Sunday, October 23, 2016

Home Sharing - The Risks

Home sharing platforms like Airbnb have created a new business opportunity and source of income for homeowners and tenants across the country.  However, there are risks for the occupant. The horror stories about assaults, condos being held hostage, theft and property damage are well known. What is often overlooked is the risk for the property owner.  If you are a building owner, you need to be aware of the following issues.

Who Is Staying There?

If you own a building and the tenants are on Airbnb, you could be exposed to serious risks. Unlike a traditional rental which requires a detailed application process, extensive information collection and verification about the tenant, home sharing allows free access to your property. Legally speaking, you have no contract with the Airbnb tenant and so you have little or no leverage if an incident should occur. Also, the rights, duties and liability limitation of the building owner in regard to a home sharing tenant are still a grey area.  That only increases your risk.

What about Renter’s Insurance?

Your tenants may assume that their renter’s insurance will cover them for any loss or damage caused by the home sharing guest they take in. It may do so, but it also may not. There is no guarantee on this and the protection available will depend on the specifics of each renter’s insurance policy.

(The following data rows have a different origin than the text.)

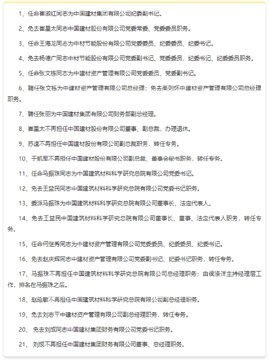 1月初,中國建材集團有限公司發布數十條高層任免通知,對中國建材部分高層職務進行了重新任免。
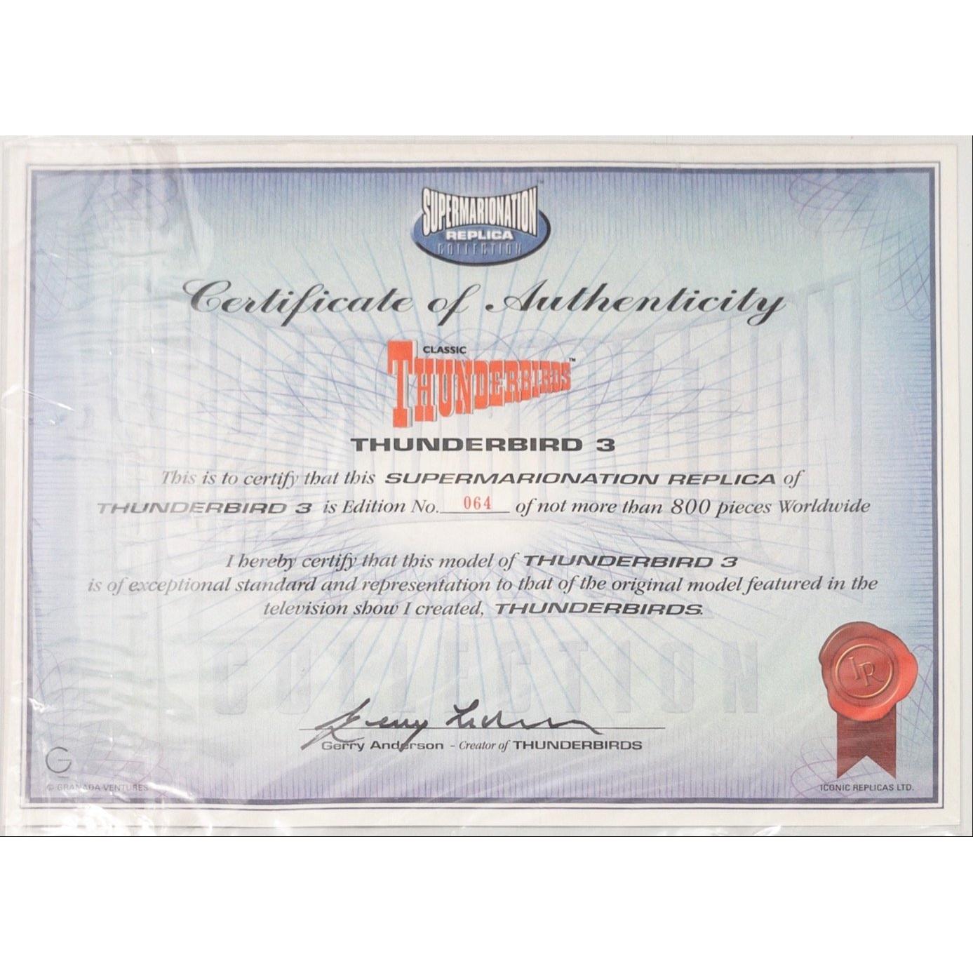 RARE limited edition number 64 of 800 of THUNDERBIRD 3 SUPERMARIONATION by GERRY ANDERSON complete with signed certificate of authenticity
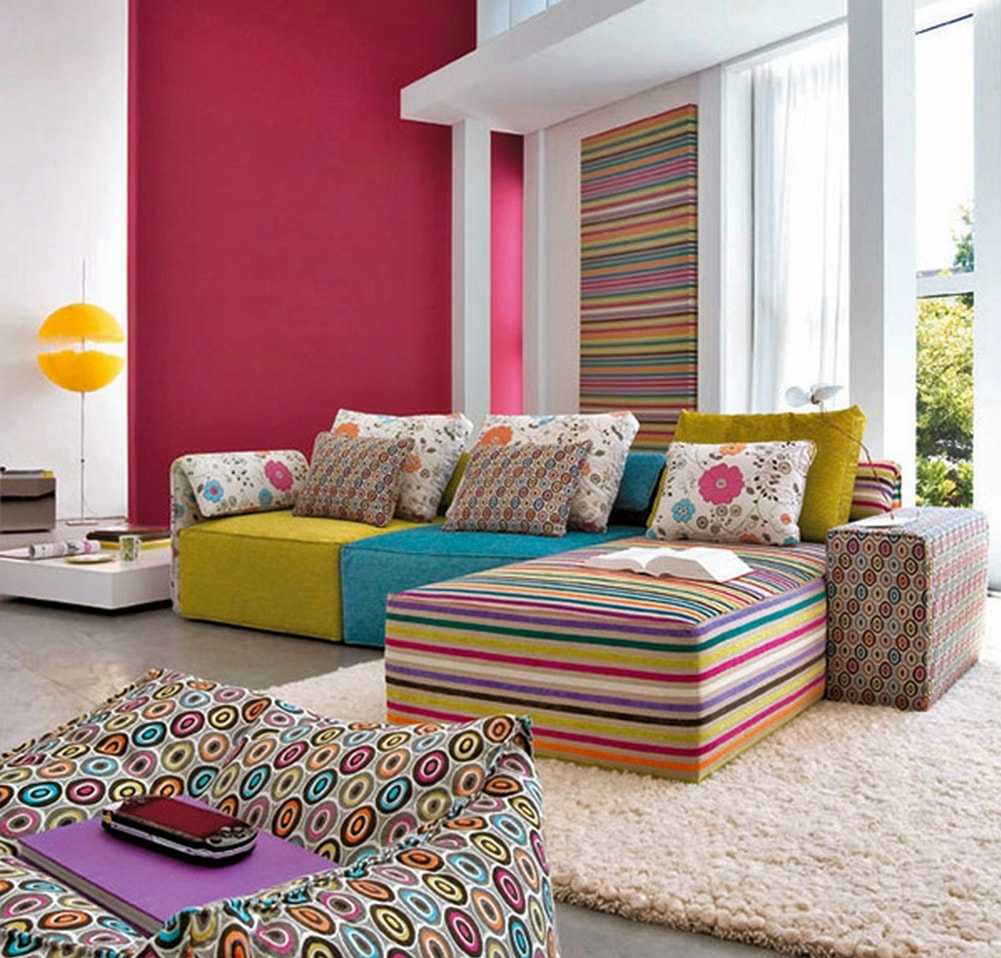 Цветовые решения могут быть различными. За основу берутся смелые, открытые, чистые цвета: синий, желтый, красный, белый, черный, зеленый. Подойдут любые не банальные и не решения. Чем необычнее формы рисунков на мебели, отделке, аксессуарах в оформлении гостиной в авангардном стиле, тем лучше. Приветствуются круги, полосы, кривые линии, изображения предмет в предмете, перечеркивания, все что нестандартно и непривычно глазу.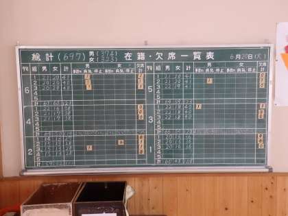 本日の欠席は,全校697名中7名でした。体調不良で欠席している子も早く良くなって登校できるといいですね。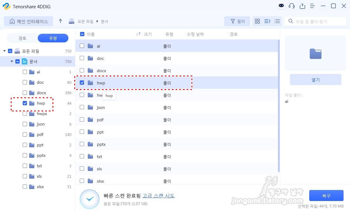 물론 PC와 데스크탑 그리고 다양한 저장장치의 상태에 따라 복구 수준이 달라질 수는 있겠죠. 개인적으로 4DDiG Data Recovery(포디딕 데이터 복구) 프로그램의 다양한 복구 기능 중 한글(hwp 복구) 문서 복구를 직접 복구해 보았습니다.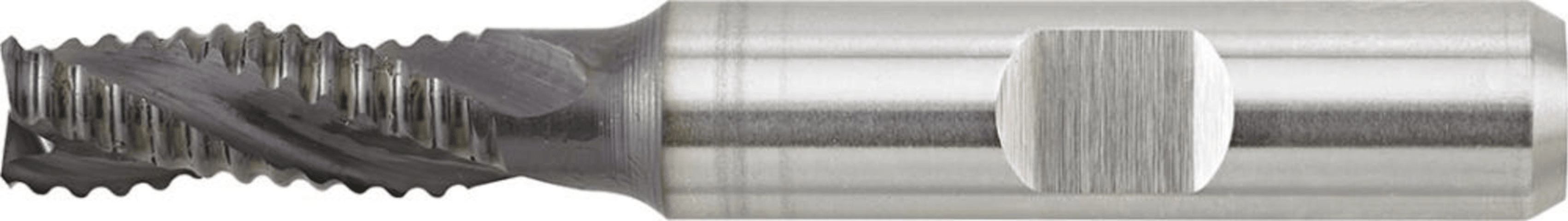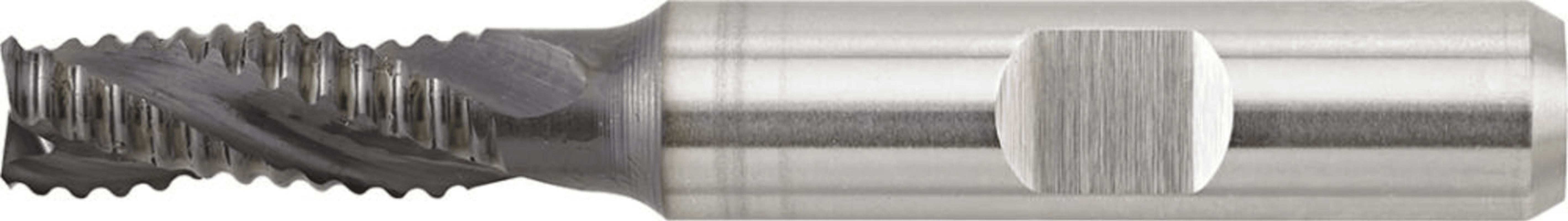 Schruppfräser, TiAlN-beschichtet• Ausführung: kurz • HSS-Co8 • Typ NR • 3 Schneiden • DIN 844-K • DIN 1835-B • Schruppverzahnt • Drallwinkel 30° • Zum Umfangs- und Bohrfräsen • Stirn-, se

What You Can Do To Protect Yourself

There are a few things a building owner can do to protect his interests. Key among them are:

  • Prohibit home sharing.This is the most comprehensive option. Have your lease agreements drafted to include the clause that the tenant is prohibited from using Airbnb or other home sharing services. In addition, it is a good idea to have an addendum to the lease agreement which clearly states the owner’s position in regard to home sharing and details the risk for the owners, the tenants and others in the building. The tenant must accept and sign the document.
  • Monitor Home Sharing Platforms. There could be some tenants who sign a lease that prohibits home sharing, but think that they can bypass it and share their homes on the quiet. It is easy to claim they have large families and relations keep visiting them. The best way to control this is to monitor Airbnb and other platforms to look for any listingsof the properties you own.
  • Consult Your Insurance Broker. Insurance is a complicated issue, especially when multiple coverages are involved. Where does the property owner’s coverage end and the tenant’s begin? Who is liable for what damage or loss caused by a home sharing guest? Only a professional will be able to clearly define where you stand and advise you on what additional coverage, if any, you need to protect yourself from loss or liability caused by home sharing.

Remember, home sharing allows people whom you, the property owner, know nothing about to occupy the premises you own. There are legal, financial and ethical issues involved and you need to protect yourself.